When Someone Dies What Happens to Their Car Loan?

When an individual passes away, his possessions are passed on to someone else according to the specifications of his will or trust documents. If that individual has debt, it must be addressed before possessions can be passed on to his heirs. One of the most common debts in this situation is an auto loan.

Paying Off Loan

    One of the options available to the family members of a deceased individual in this situation is to pay off the loan. If the deceased individual left a sizable estate to his beneficiaries, they could use part of that money to pay off the loan. The family can keep the car without having to make ongoing car payments if it chooses this option. The family members can also pay the loan off with their own money if they want to keep the car.

Assumption

    Another option that the family members of the deceased individual can pursue is an assumption. An assumption is a process that involves taking over the loan for the individual. The remaining family members can come forward and try to assume the loan. For this process to work, the family members will have to prove that they are creditworthy. The lender must approve the new borrowers before the assumption can take place.

Turning Over the Car

    In some cases, the remaining family members may not want to keep the car. When this happens, the family can turn the car back in to the dealer.
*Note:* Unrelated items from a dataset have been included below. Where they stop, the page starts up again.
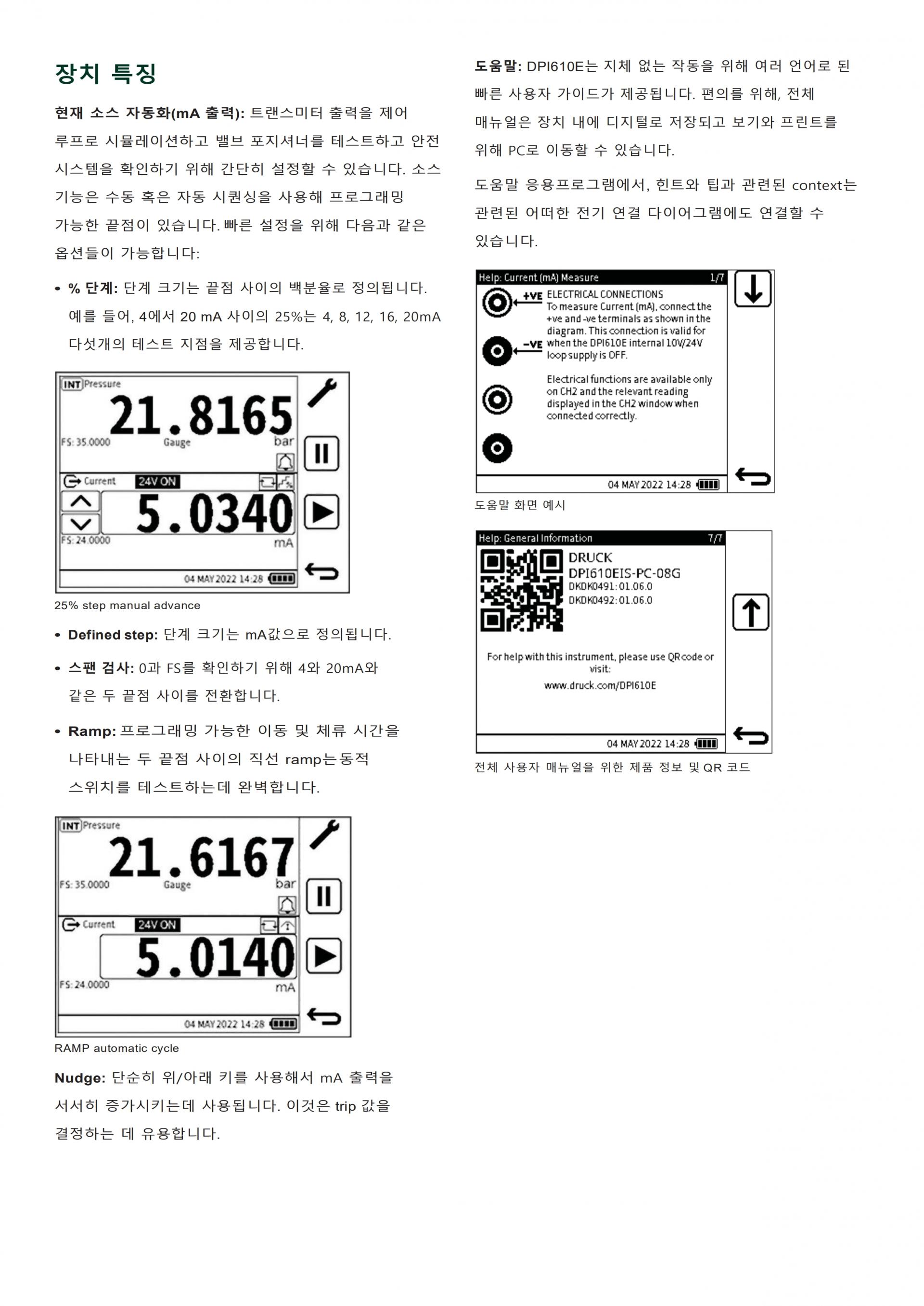 최신 휴대용 제품은 배터리 구동식, 자체 포함형 수동 압력 교정기로서, 압력 생성, 미세 제어, 루프 측정이 가능합니다. 가장 중요한 것은, 이 제품은 현장에서 일하는 사람들의 의견을 반영하여 장비 기술자를 위해 설계되었으며, 압력 교정기 사용자들의 의견을 반영하여 성능이 매우 중요하다는 것을 확인했습니다.
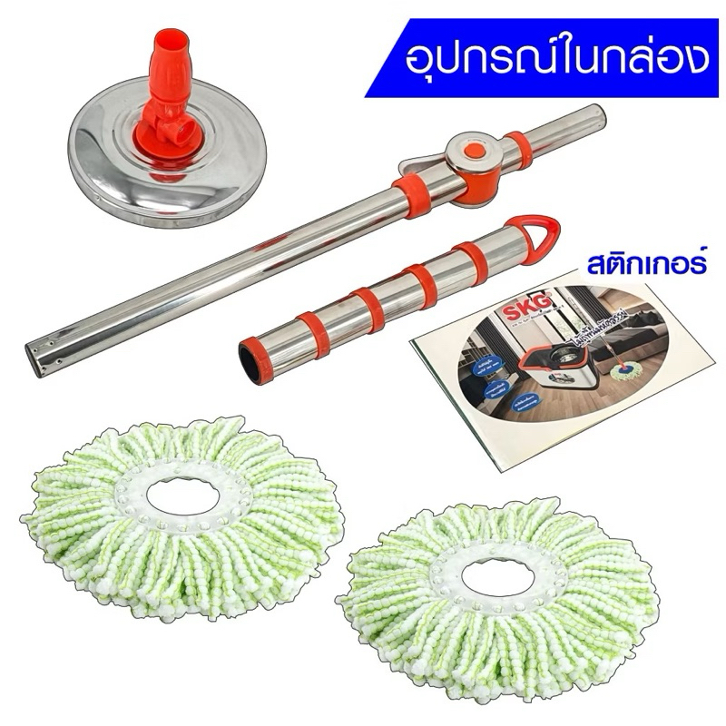SKG ถังปั่นไม้ถูพื้น รุ่น SK-6633 ถังสแตนเลส 8 ลิตร หมุนได้ 360 องศา แถมฟรี!! ผ้า 2 ชิ้น
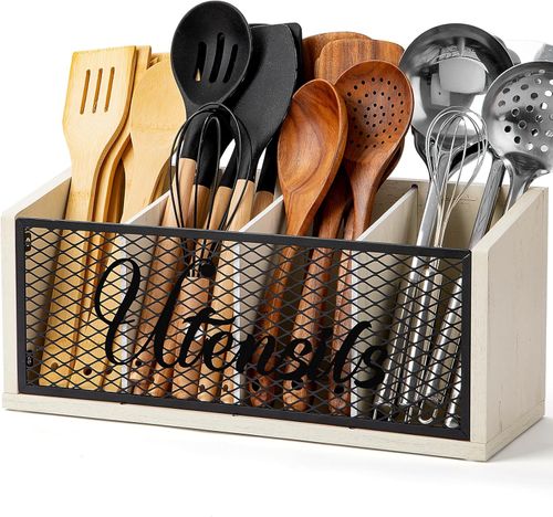 Declutter your kitchen in style! 🥄 Banawey Wooden Utensil Holder – 4 compartments, farmhouse charm. 🍴
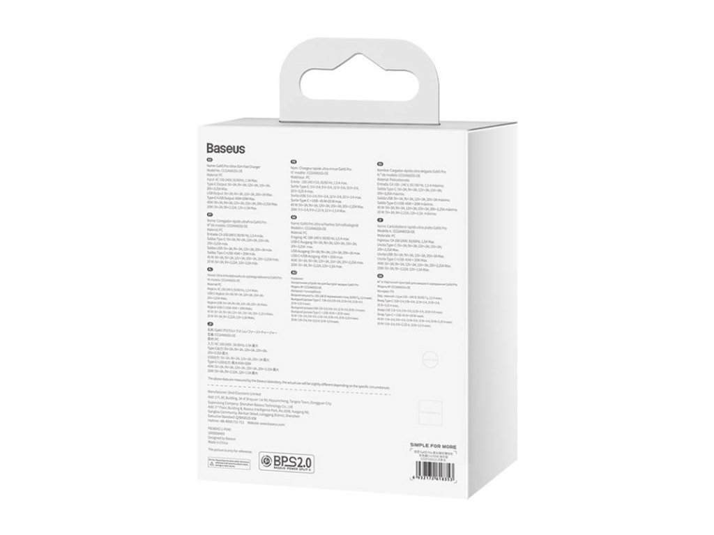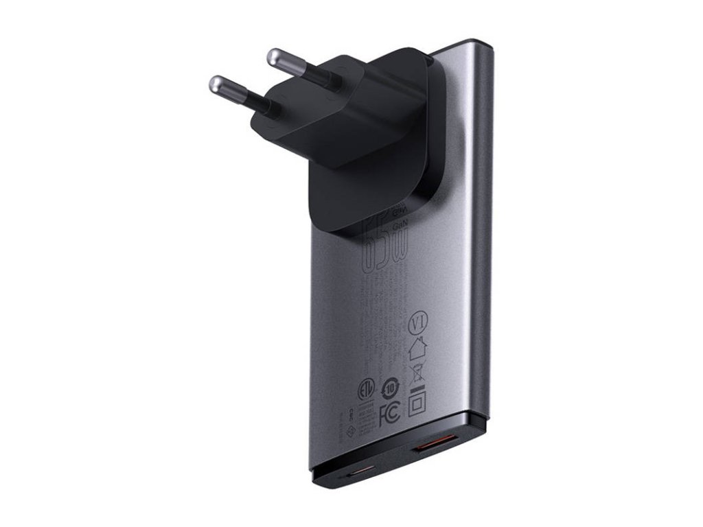 Baseus GaN5 Pro Ultra Slim 65W síťová rychlonabíječka Vlastnosti * výstupní výkon 65W * vyměnitelný adaptér síťového napájení * podpora zásuvek typu C/F (EU) a G (UK) * technologie regulace teploty BCT Technické parametry Vstupní proud: AC 100-240V ~50/60Hz 1,5A max. Porty: * 1x USB-C * 1x USB-A Barva: šedá Rozměry: 92,5x50x16,5mm Hmotnost: 101g Obsah balení: * 1x 65W nabíječka * 1x 100W nabíjecí kabel USB-C 1m * 1x EU zástrčka * 1x UK zástrčka Záruka: 2 rokyDodatočné parametre

The lender repossesses the car and take legal ownership of it. The lender then sells the car at an auction to try to come up with the money that it is owed for the car loan. If the lender does not sell the car for the full balance of the loan, it bills the estate for the remainder. (See References 1)

Insurance Payoff

    Another scenario that could occur is that an insurance policy could pay off the car loan. When an individual purchases a new car, he has the opportunity to purchase credit life insurance on the loan. With this type of insurance, the insurer will pay for the remainder of the loan balance if the insured passes away. When this happens, the surviving family members get to keep the car after the insurance company has paid off the bill.